I went through some of my papers and found something my son's speech therapist had given me on verbal perseveration. This is what she called it. I guess perseveration is "getting stuck on things"
Anyway, I read back over it, and decided to share it in hopes that maybe it will help someone else.

Verbal perseveration can be caused by several things:

1) It is another form of self stimulation. They get sensory feedback from the noise internally, or from hearing their own voice.

2) It is a form of anxiety, especially noted during or preceding transitions.

3) It is an inability to put closure on one thing and move to the next.

4) It is a way to get attention

5) They are not able to express what they really want to, so just repeat the same thing.

Ways to handle verbal perseveration:

1) If if is a form of self stimulation, it can be very difficult to extinguish.

2) If noted mostly with new situations and transitions, then use a visual picture schedule. Also work on anxiety relief, breathing, reassuring, recognizing the issue. "I can see that you are asking about this many times. I think you might be feeling uncomfortable because you don't know what to expect.

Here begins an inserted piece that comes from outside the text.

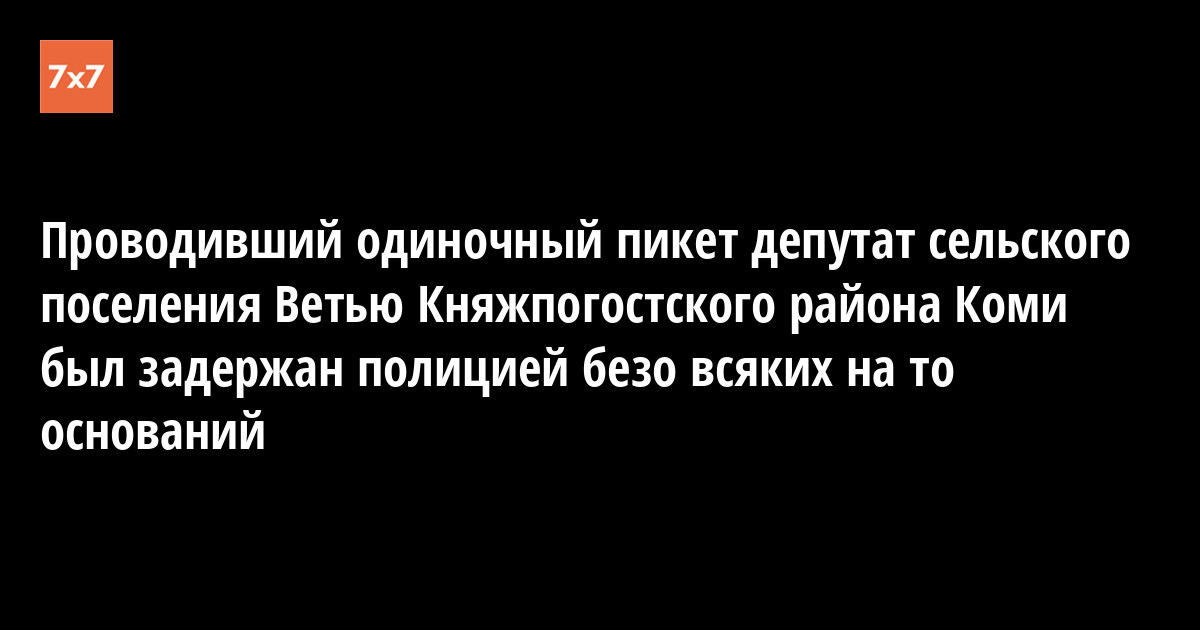 Проводивший одиночный пикет депутат сельского поселения Ветью Княжпогостского района Коми был задержан полицией безо всяких на то оснований

Everything will be allright." Go into more detail..

3) If closure is the issue, then say, "We already talked about this and it is all done. Say it 2 more times, and then that is it. Next we will talk about....." then if they say it again, just say "all done", put a quiet finger to your lips, show a quiet sign picture, and don't say anything at all.

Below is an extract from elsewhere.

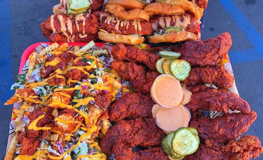 The menu consists of breaded chicken with various degrees of spice, fried chicken tenders, sliders and sandwiches, all usually served with sides of fries, mac n’ cheese and pickles.
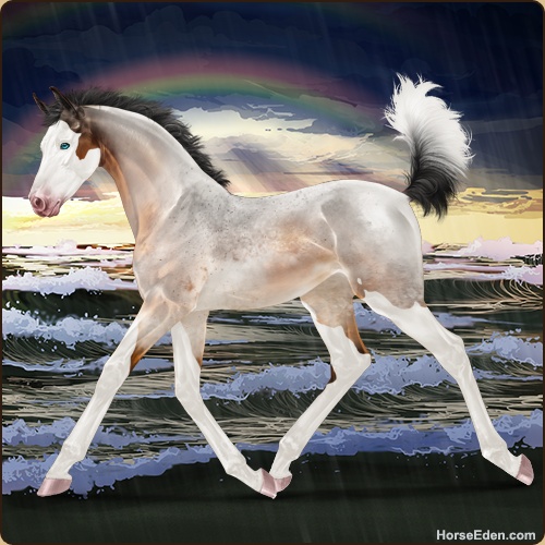 Color: Copper Bay Roan Splash White

4) If it is for attention, then redirect the attention. "Give me a hug." "Let's sing a song" Something physical may work well. Also noting the behavior might work. "I see that you want my attention. I will busy for 5 minutes and then we can play together."

5) Sometimes you can re-direct the verbalization. for example if "boo boo" is what they are saying, Say, "Oh my finger hurts." giving them another thing to say which may get them off of the original repetitive saying.

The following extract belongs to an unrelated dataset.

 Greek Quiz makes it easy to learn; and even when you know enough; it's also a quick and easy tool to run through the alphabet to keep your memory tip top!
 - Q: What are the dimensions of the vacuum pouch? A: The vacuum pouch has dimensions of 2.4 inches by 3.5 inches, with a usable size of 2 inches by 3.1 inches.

I guess I have used some of this, but it just seems like this is something that is going to have to work itself out.

Sugarleaf, I think my son also knows that some of the things he is saying don't make sense, and he is using it as a way to make us laugh. For instance yesterday, he said "donut waffle" I did laugh and said oh that is funny! Some of his stuff doesn't really bother me for the most part, but my biggest concern is him doing it at school. I guess if I am lucky, maybe he will realize that school is not the place for it. Church is the other place that he sometimes decides to do it. For the most part, he is good in church, so I guess I can't expect 100% compliance when asking him to sit quiet for an hour on Sunday.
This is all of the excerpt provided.